Much to the designer’s dismay, the defendants used the movie posters without his permission and without making a deal to pay him. In addition to the director and production company using the movie posters without paying the designer, they attributed the copyright to Lee and his production company instead of the designer. 

The lawsuit claims the director and production company violated copyright laws by using his movie posters without paying him and falsely said they created the movie posters instead of giving the designer credit for his work. In addition, the lawsuit alleges that the defendants knowingly made these violations and distributed false information about who designed the movie posters. The designer is seeking damages and profits from the director and production company for their violations. 

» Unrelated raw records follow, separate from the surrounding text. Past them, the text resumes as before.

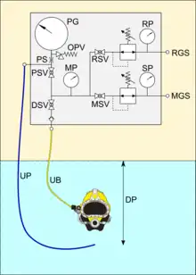 The pneumo line is usually a 0.25 inches (6.4 mm) bore hose in the diver's umbilical, supplied with breathing gas from the gas panel via a supply valve. Downstream from the valve there is a branch to a high resolution pressure gauge, a restriction to flow to the gauge, and an overpressure relief valve to protect the gauge from full panel supply pressure in case the pneumo line is used for emergency breathing gas supply. Each diver has an independent pneumofathometer, and if there is a bell, it will also have an independent pneumofathometer.[37]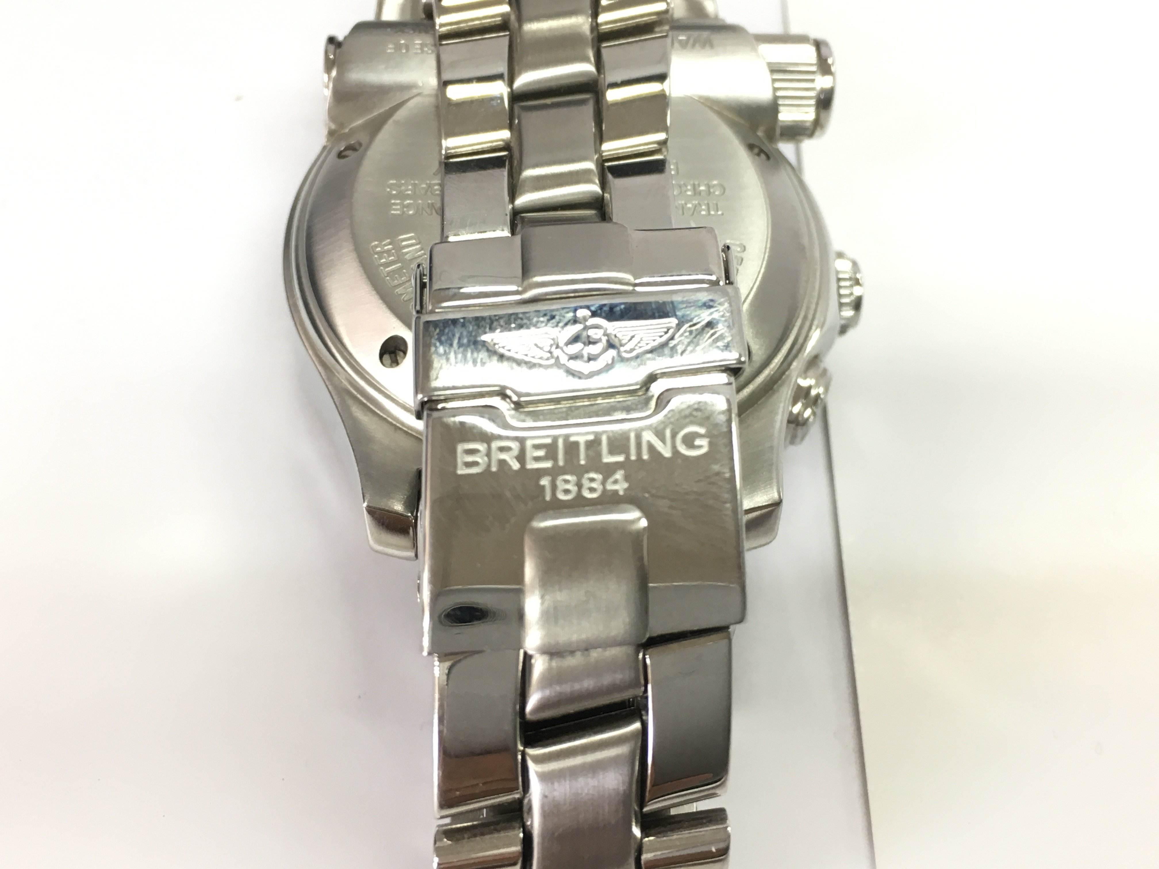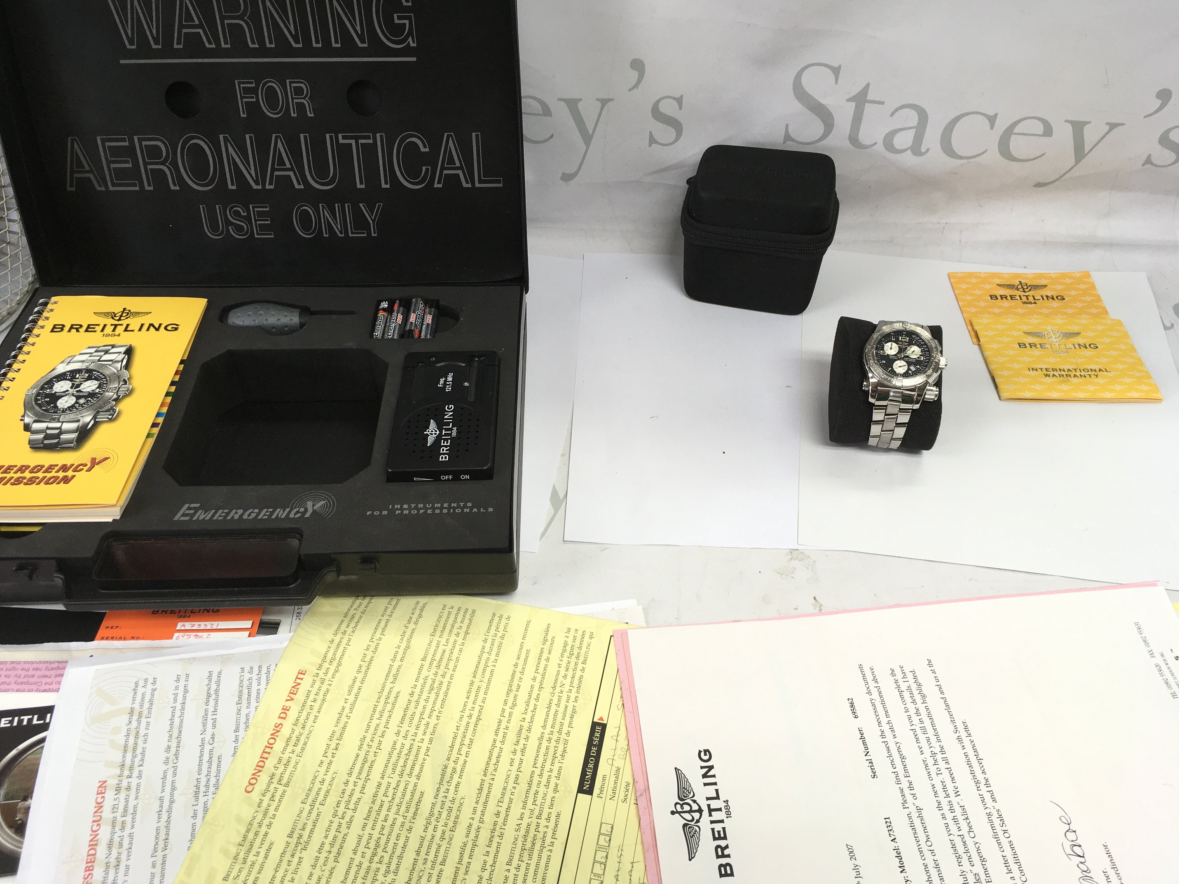 A gents Breitling emergency mission watch with box (missing original inner box) and paperwork. Has service paperwork. 45mm case. Seen running. Postage B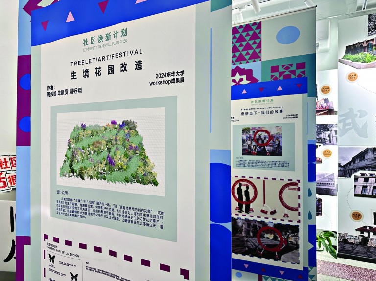 作为“社区焕新计划”负责方,社趣更馨营造中心主理人许引兰介绍,武夷路街区更新过程中,社区焕新展所在地武夷路295号就被定义为城市会客厅,在2022年至2024年期间,每年在武夷华阳片区都会发起社区焕新计划,联合东华大学、同济大学、上海大学等多所高校,邀约感兴趣的大学生,走到街区、走进社区,通过调研和思考,对社区提出建设性的想法或是提案。“在这个过程当中,我们每一年会产出一部分的提案作品,然后再从这些提案创意设计中推动最终的落地。”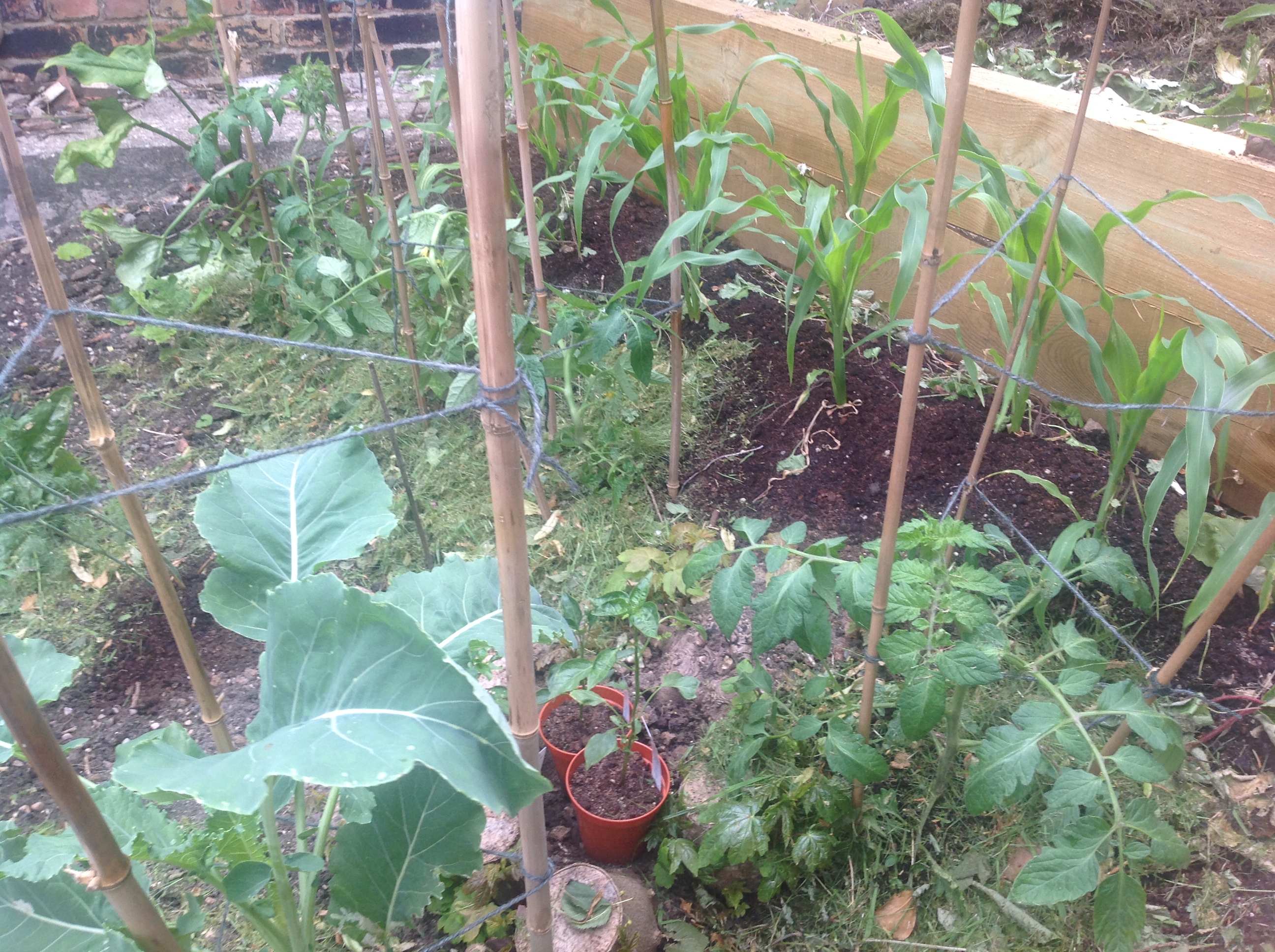 Everything, even the aubergines which had been attacked by slugs, is growing well in the kitchen garden. So well, that many things needed staking. That was the next job, building a little scaffold around each plant to support it. Then spreading the grass clippings.

This case is an example of the legal action individuals can take if they believe someone else has committed copyright infringement. When another company uses someone else’s materials without permission or claims the materials as their own, the victim may be able to pursue a copyright infringement lawsuit against the company. Legal action can help victims stop others from using their materials without their permission as well as provide compensation. 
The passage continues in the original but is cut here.